The mAgri Challenge, a business competition, has been designed to identify and support entrepreneurs developing mobile apps for agriculture in Africa. Africa is no stranger to competitons. BBA has kept us glued to out TV sets. It’s understandable why competitions are en vogue. They are fun, they are not very expensive and they are a great way to reach a young and growing tech-savvy audience.Too many quick competitions for mobile apps, which at first seemed cool and generated lots of attention, have left in their wake a pool of mobile entrepreneurs confused about the next steps they can take to grow their business.

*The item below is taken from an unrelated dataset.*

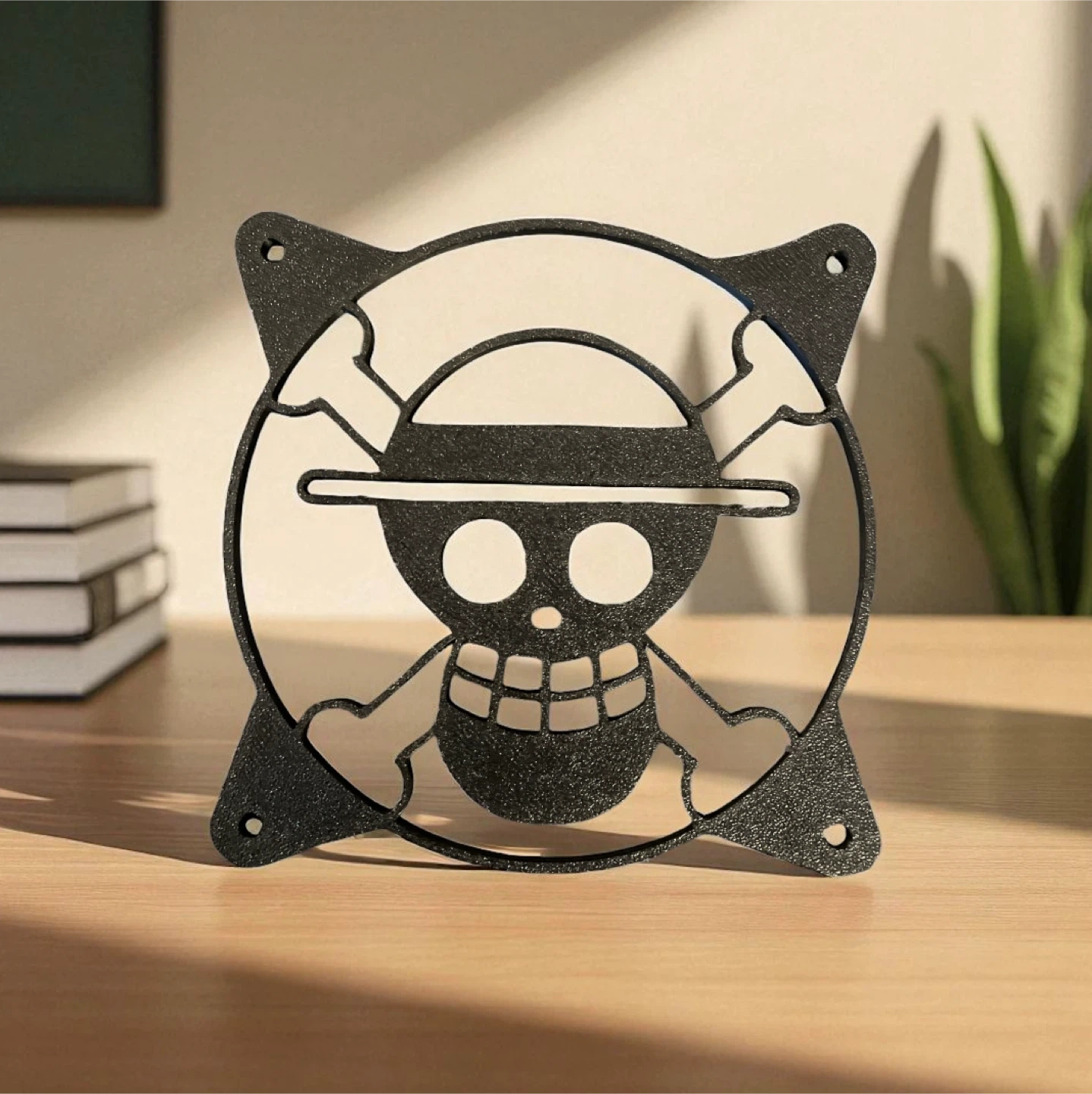 This is a custom 120mm fan grill cover featuring the Straw Hat Pirates logo from One Piece! It's a unique way to show off your love for the series while adding some flair to your computer setup

Unfortunately, some of the past competitions have ended with the award of prizes but missed the chance to continue to support talented mobile entrepreneurs as they develop their businesses. This is not the case here. World Bank will support/supports mobile technology entrepreneurs as they take their products all the way down the path from mind to market – from the idea stage to a point of sustainable growth.
They reiterate that:
“We ensure that our initiatives are linked to other opportunities along that path, to maximize each entrepreneur’s chance of success. With every successful, growing new company, entrepreneurs create high-value jobs that contribute to their country’s economies, reduce brain drain and improve competitiveness. This journey from mind to market was at the forefront of the design process for the mAgri Challenge, where we relied on a number of lessons drawn from our own and others’ experiences with mobile app competitions.”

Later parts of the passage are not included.